You may have noticed on our Tanzania itineraries many references to the Leakeys and Olduvai Gorge and wondered who they were and why they are famous.
Louis Leakey was a British anthropologist and naturalist who lived and worked in East Africa in the early half of the 20th century and whose work was vitally important in establishing human evolutionary development in Africa. Louis Leakey also played a major role in creating organizations for future research in Africa and for protecting wildlife there, working with both Diane Fossey and Jane Goodall.
Leakey was born to missionary parents and spent his childhood in Kenya learning about local wildlife and customs whilst living with the Kikuyu tribes. On return to England he went to university in Cambridge where he then took an interest in early history and mankind and decided to specialise in both anthropology and archaeology. He was sent to Tanzania to assist on the famous dinosaur dig at Tendaguru. On graduation he was such a respected figure that Cambridge sent him back to East Africa to study prehistoric African humans. He excavated dozens of sites, undertaking for the first time a systematic study of the artifacts.
He became involved with the site at Olduvai Gorge in Tanzania where early human remains had already been discovered by Professor Reck. As the rock bed was 600,000 years old so too must be the fossilised bones of early man discovered there. This discovery caused a huge upset amongst the general public as mankind was believed to have arrived much, much later, and Reck was discredited as few were prepared to believe him. Leakey then took over the dig when the Germans ceded the territory to the British at the end of the war.
Louis and his second wife Mary spent most of the 1950s excavating at Olduvai Gorge and found many fossils and early tools. In 1959 the OH5 (also known as the Nutcracker Man) skull was unearthed by Mary. Louis also believed that it was of a species ancestral to modern humans that he eventually dubbed Zinjanthropus boisei (East Africa man). Zinj is an ancient Arabic word for the East African coast; anthropus refers to the fossil’s humanlike characteristics; and boisei refers to Charles Boise, who had been making financial contributions to the Leakeys’ work since 1948.
Louis initially believed Zinj to be a direct ancestor of modern humans (which he published in the National Geographic) and the maker of those tools found near its remains, but he withdrew this idea once he and Mary unearthed Homo habilis which had a larger brain in the same area less than two years later.
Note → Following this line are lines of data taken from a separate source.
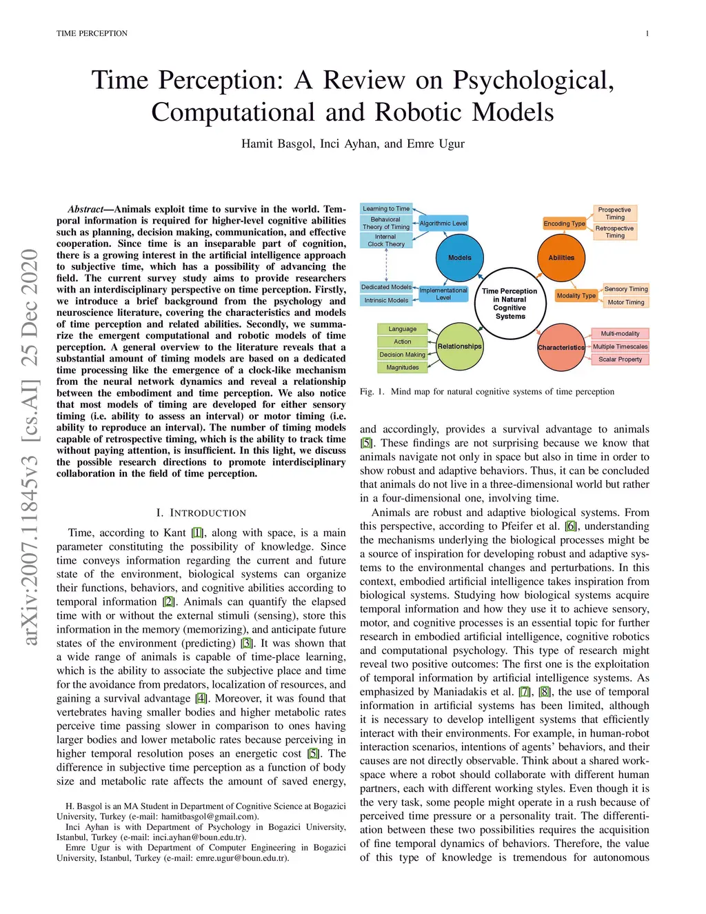 Animals exploit time to survive in the world. Temporal information is required for higher-level cognitive abilities such as planning, decision making, communication, and effective cooperation. Since time is an inseparable part of cognition, there is a growing interest in the artificial intelligence approach to subjective time, which has a possibility of advancing the field. The current survey study aims to provide researchers with an interdisciplinary perspective on time perception. Firstly, we introduce a brief background from the psychology and neuroscience literature, covering the characteristics and models of time perception and related abilities. Secondly, we summarize the emergent computational and robotic models of time perception. A general overview to the literature reveals that a substantial amount of timing models are based on a dedicated time processing like the emergence of a clock-like mechanism from the neural network dynamics and reveal a relationship between the embodiment and time perception. We also notice that most models of timing are developed for either sensory timing (i.e. ability to assess an interval) or motor timing (i.e. ability to reproduce an interval). The number of timing models capable of retrospective timing, which is the ability to track time without paying attention, is insufficient. In this light, we discuss the possible research directions to promote interdisciplinary collaboration in the field of time perception.
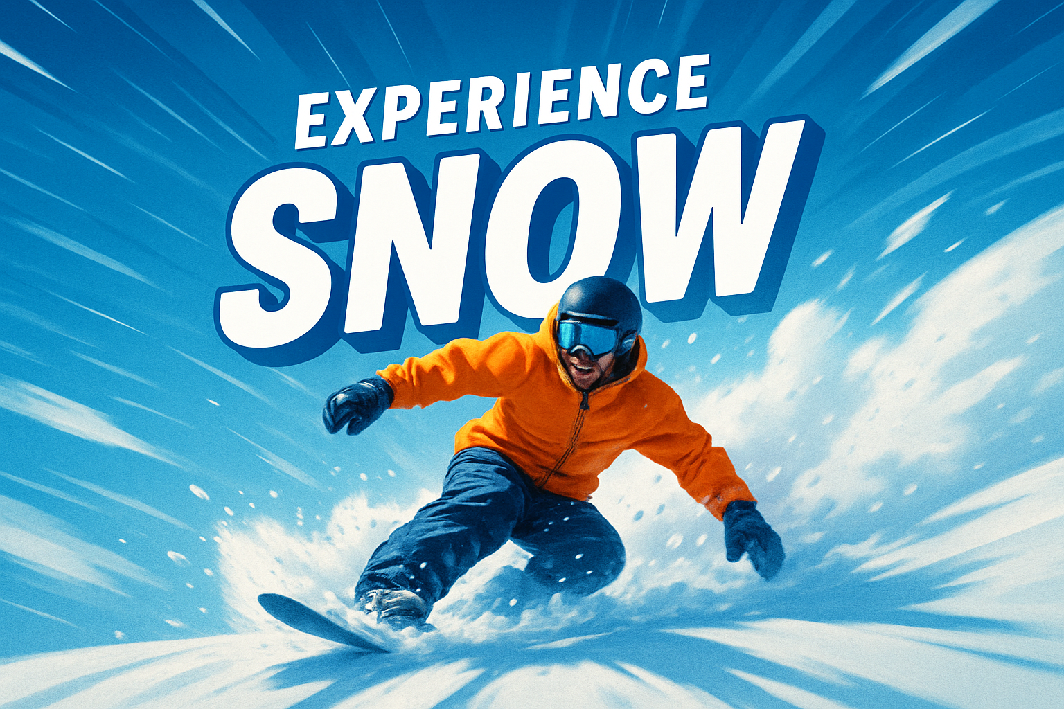 A thrilling snowboarding moment captured with a dynamic angle, showcasing a rider in motion. The bold text 'EXPERIENCE SNOW' emphasizes the excitement, set against a vibrant blue background.
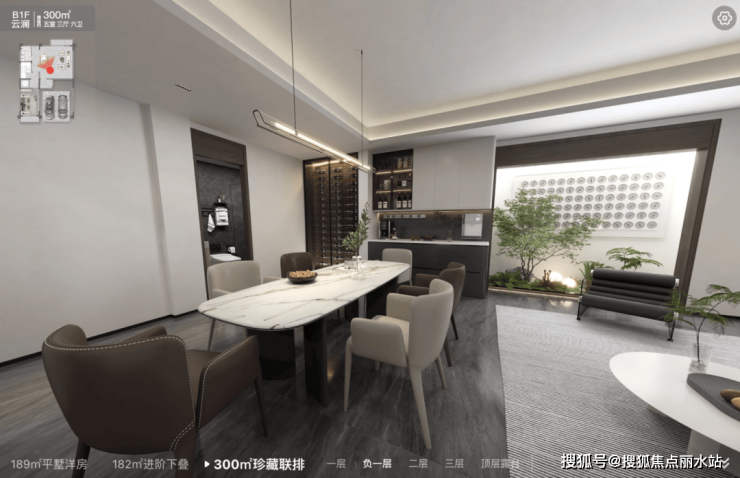 建面约182㎡下叠:约5.5米挑高地下室(可改藏酒阁/私人茶室)+独立双入户动线;
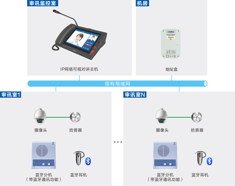 審訊監控:主機可監聽審訊室分機通話,同時可查看與審訊室分機綁定的IPC攝像頭畫面,將聲音和視頻監控畫面整合到一起。
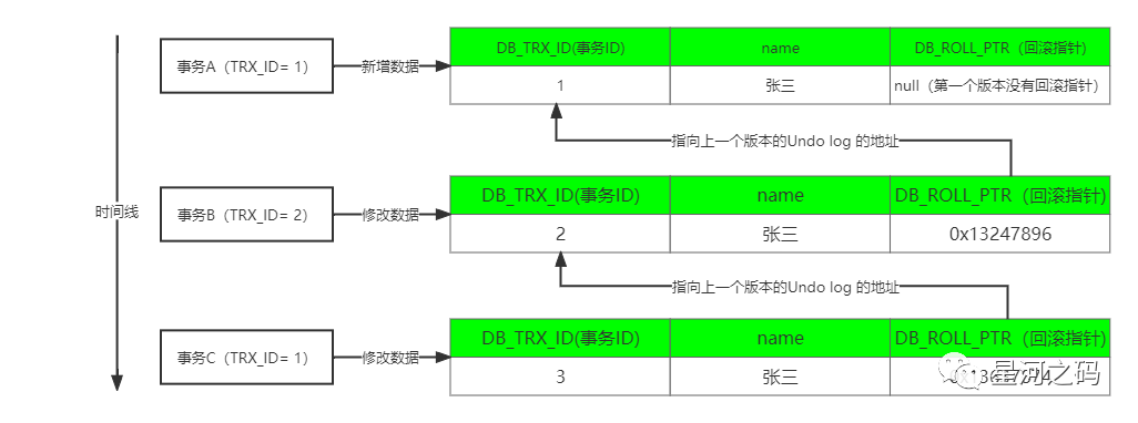 表示在当前事务【creator_trx_id】开启以后,有新的事务开启,并且新的事务修改了这行数据的值并提交了事务,因为这是【creator_trx_id】后面的事务修改提交的数据,所以当前事务【creator_trx_id】是不能读取到的。
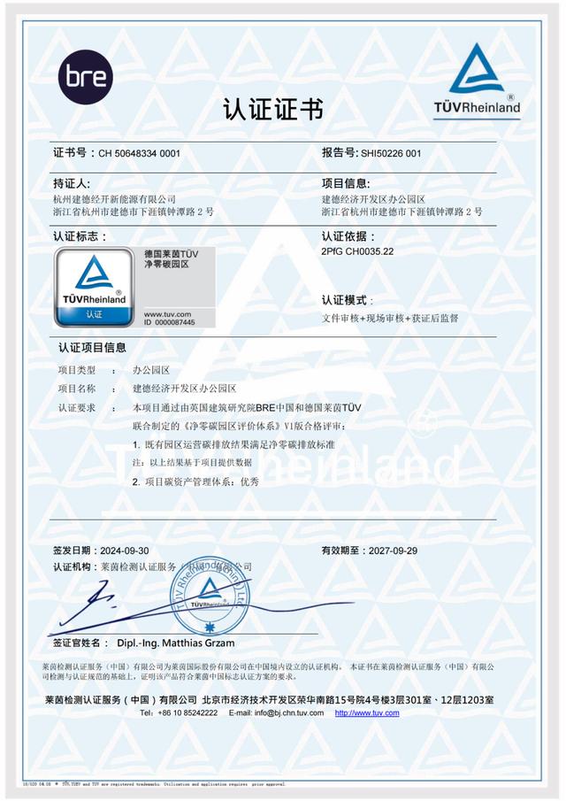 萬幫數(shù)字能源協(xié)助建德經(jīng)濟(jì)開發(fā)區(qū)辦公園區(qū)通過由英國建筑研究院BRE中國和德國萊茵TÜV 聯(lián)合制定的《凈零碳園區(qū)評價(jià)體系》V1版合格評審,并獲項(xiàng)目碳資產(chǎn)管理體系優(yōu)秀級評價(jià)。

Despite that, OH 5 made the Leakeys famous and brought more attention to the developing field of paleanthropology.
Later on two young geophysicists dated the rock bed and therefore the hominid fossils in the Olduvai Gorge to 1.75 million years. A truly stunning discovery that meant that Zinj was far older than anyone had ever imagined. Louis Leakey had proved Charles Darwin’s theory right with concrete evidence – a major scientific breakthrough.